Die Abschürfungen scheinen nur der Lack zu sein. Wurde andscheinend drüberlackiert.

Gruß Fred


----------



## RISE (22. November 2011)

bioniconic schrieb:


> Komisch dass hier noch keiner gefragt hat, was du überwiegend fährst...
> 
> Wie kann man denn ein Bike empfehlen wenn man nicht weiß ob der Themenersteller vorwiegend Dirt, Street, Park oder Flatland fahren will?

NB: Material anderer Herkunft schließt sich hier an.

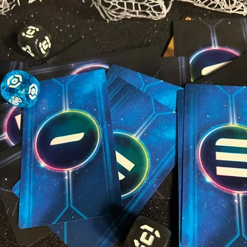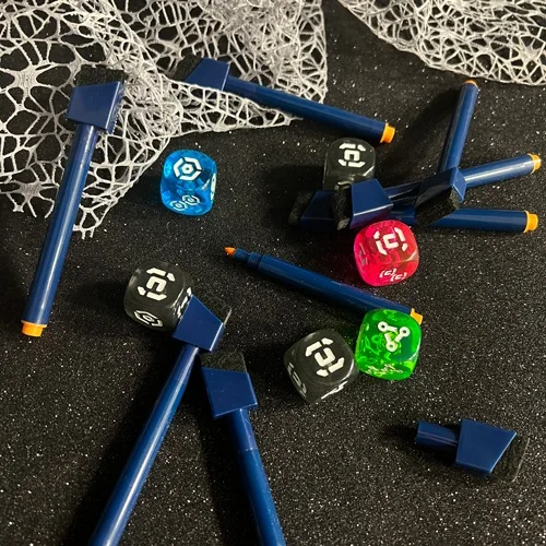 AMMIRATE L’ASCESA DI UN IMPERO. I dadi di grandi dimensioni e i pennarelli brillanti infondono vita alla galassia sulle schede dei giocatori, cancellabili e riutilizzabili.

Weil ich mich aus reiner Erfahrung während meiner ganzen Zeit hier genau einmal daran erinnern kann, dass hier nach Flatland gefragt wurde. Aber generell eine berechtigte Frage, die du das stellst.


----------



## AlexSch95 (22. November 2011)

Ich fahre hauptsächlich Street/Park... selten Dirt, aber das ist nichts für mich...
mein erstes BMX war ein Freestyle BMX (NoName)
mein zweites war ein Custom: KHE-Rahmen, WTP Felgen+Gabel+Lenker
mein drittes war ein Felt


----------



## Stirni (22. November 2011)

weil die wtp-kompletträder sehr allround gehalten sind und mit wenigen handgriffen auf das jeweilige einsatzgebiet abgestimmt werden können.


----------



## AlexSch95 (22. November 2011)

Marken die ich an sich gut finde sind: Verde, wethepeople, KHE, Eastern Bikes, Stereo, Sunday
würde gerne ein Bike von diesen Marken haben...


----------



## freddeinallah (22. November 2011)

mit wethepeople und sunday habe ich bisher die besten Erfahrungen gemacht.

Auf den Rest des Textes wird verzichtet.